Isso se deve a falta de normalização e padrão na produção da madeira, o que permitiu que o mesmo fosse produzido de forma incorreta, ocasionando peças com problemas estruturais ou de estabilidade. Isto contribui para a percepção de que esses problemas são próprios do material orgânico, enquanto outros materiais, como o cimento e o aço, foram desenvolvidos em unidades industriais de grande porte, contribuindo para o desenvolvimento de normas técnicas e padronização do uso (HILGENBERG NETO, 2012).

Isto contribui para o desuso e abandono deste material. Enquanto há uma padronização e uma produção correta do cimento ou metal, a madeira, é produzida de acordo com conhecimentos empíricos dos encarregados e proprietários de serrarias. Deste modo, a madeira passa a ser entendida como um produto inferior aos demais utilizados na construção civil, contribuindo para o estigma de que é um material frágil e voltado às classes mais populares (IMAGUIRE JR; IMAGUIRE, 2011).

Na cidade analisada o problema do desaparecimento de construções em madeira está acentuado, para tal conclusão basta um passeio pela cidade, onde é possível ver o desaparecimento destes imóveis, além disso, a falta de cuidado com aqueles que ainda estão em uso é perceptível. Entretanto, apesar da importância histórica que esta tipologia arquitetônica detém no estado do Paraná, são poucos os edifícios que possuem reconhecimento como patrimônio cultural, sendo apenas 11 imóveis em um universo de 169, sendo raras as políticas públicas que valorizem esses bens (SGARBOSSA, 2020).
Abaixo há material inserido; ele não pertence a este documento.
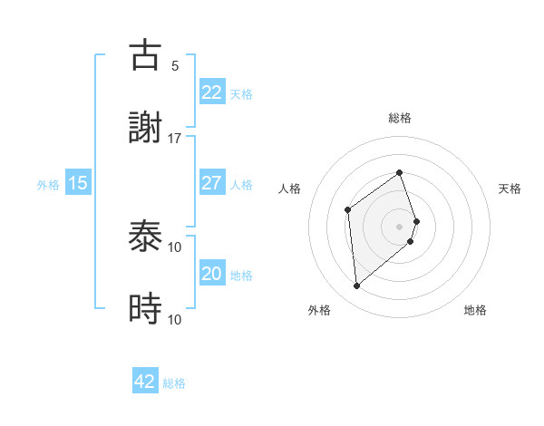 古謝 泰時さんを姓名の画数から五運を鑑定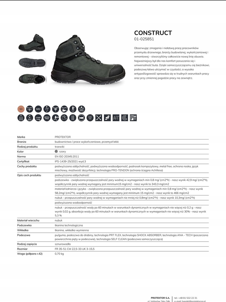 Obserwując zmagania i niełatwą pracę pracowników przemysłu drzewnego, branży budowlanej, wykończeniowej i remontowej – stworzyliśmy całkowicie nową linię obuwia. Najważniejszy był dla nas komfort poruszania się i uniwersalność buta. Dzięki samoczyszczącemu się bieżnikowi, podeszwę łatwo utrzymać w czystości, a wysoka antypoślizgowość sprawdza się w trudnych warunkach pracy oraz przy zmiennej pogodzie pracy na zewnątrz.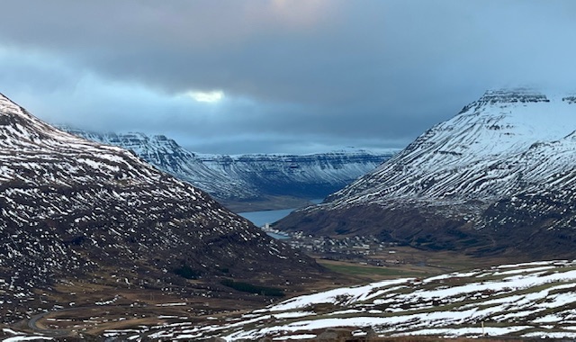 Some of the earliest settlers to Iceland lived here, and there has been a town since 1848. It was an important base for the British and Americans in the Second World War. In December 2020 the whole town was evacuated for a month after a mud slide. 39 houses were destroyed.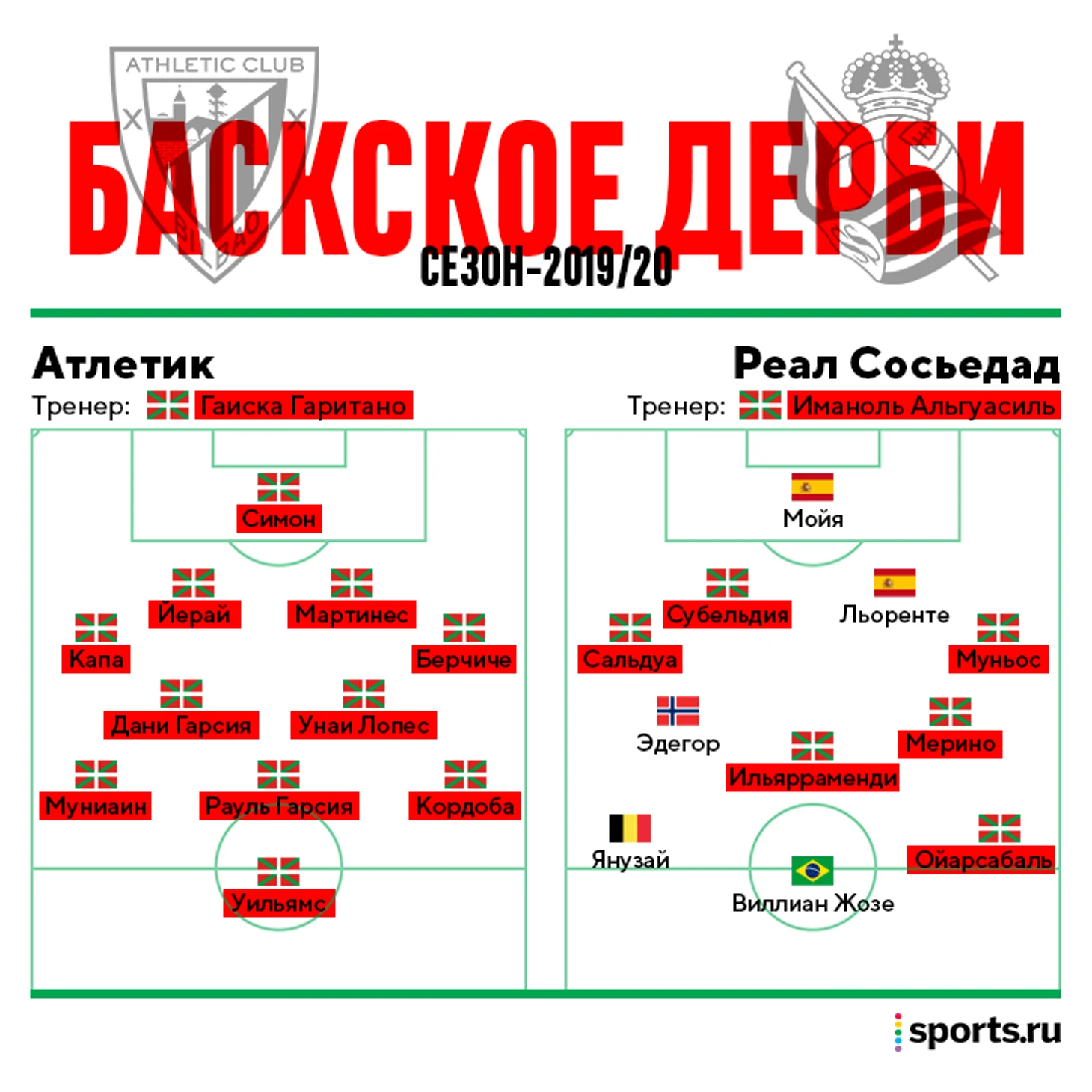 • Тренеры обеих команд – тоже баски. Коуч «Атлетика» Гаиска Гаритано родился неподалеку от Бильбао и играл как за команду, которую теперь тренирует, так и за принципиального соперника. Главный «Сосьедада» Иманоль Альгуасиль родился в Сан-Себастьяне и тоже играл за родной клуб. Позже Альгуасиль тренировал в молодежной системе команды, а в прошлом декабре его назначили главным тренером.

Assim, é necessário considerar que a arquitetura em madeira foi de fundamental importância para o desenvolvimento do estado, possibilitando a construção de inúmeras cidades, desde o início dos fluxos migratórios europeus, em meados do século XIX até meados do século XX. Tendo em vista as características únicas das construções produzidas no interior do estado, concebidas pela união do gênio criativo do imigrante e do caboclo, é indispensável a análise deste modelo arquitetônico, com vistas a subsdiar sua preservação, em um estudo de caso desenvolvido na cidade de Reserva.
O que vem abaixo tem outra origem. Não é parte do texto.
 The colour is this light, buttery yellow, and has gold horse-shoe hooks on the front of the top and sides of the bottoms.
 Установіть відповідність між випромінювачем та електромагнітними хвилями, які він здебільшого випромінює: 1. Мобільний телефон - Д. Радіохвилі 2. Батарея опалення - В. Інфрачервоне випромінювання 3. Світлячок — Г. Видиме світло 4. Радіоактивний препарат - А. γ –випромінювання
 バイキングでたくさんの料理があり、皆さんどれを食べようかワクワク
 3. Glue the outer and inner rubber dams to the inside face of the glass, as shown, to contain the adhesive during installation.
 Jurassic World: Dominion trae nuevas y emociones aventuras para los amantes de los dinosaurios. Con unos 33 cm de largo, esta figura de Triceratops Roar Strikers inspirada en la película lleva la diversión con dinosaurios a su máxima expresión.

Com isto em vista, o objetivo deste artigo é apresentar as principais caacterísitcas construtivas e formais encontradas no Casarão dos Gunha, localizado na cidade de Reserva, Pr. Esse exemplar foi escolhido devido à sua presença marcante na paisagem urbana deste munícipio, por ter sido palco de inúmeras manifestações sociais ao longo de sua existência, mantendo suas características quase inalteradas. Em paralelo, devido à sua importância para o desenvolvimento do município em questão, serão apresentadas justificativas para a sua preservação. 2 MATERIAIS E MÉTODOS

Para desenvolvimento deste trabalho, adotou-se uma metodologia que se caracteriza por sua abordagem qualitativa, visando a compilação de dados que demonstrem as principais particularidades da arquitetura em madeira, especialmente relacionada à técnica denominada tábua e mata-junta. Seu caráter é essencialmente exploratório, utilizando o procedimento técnico do estudo de caso. Inicialmente, foi realizada a pesquisa teórica, em fontes bibliográficas, afim de constituir uma fundamentação teórica, referente às temáticas associadas à arquitetura em madeira e seu reconhecimento como patrimônio cultural.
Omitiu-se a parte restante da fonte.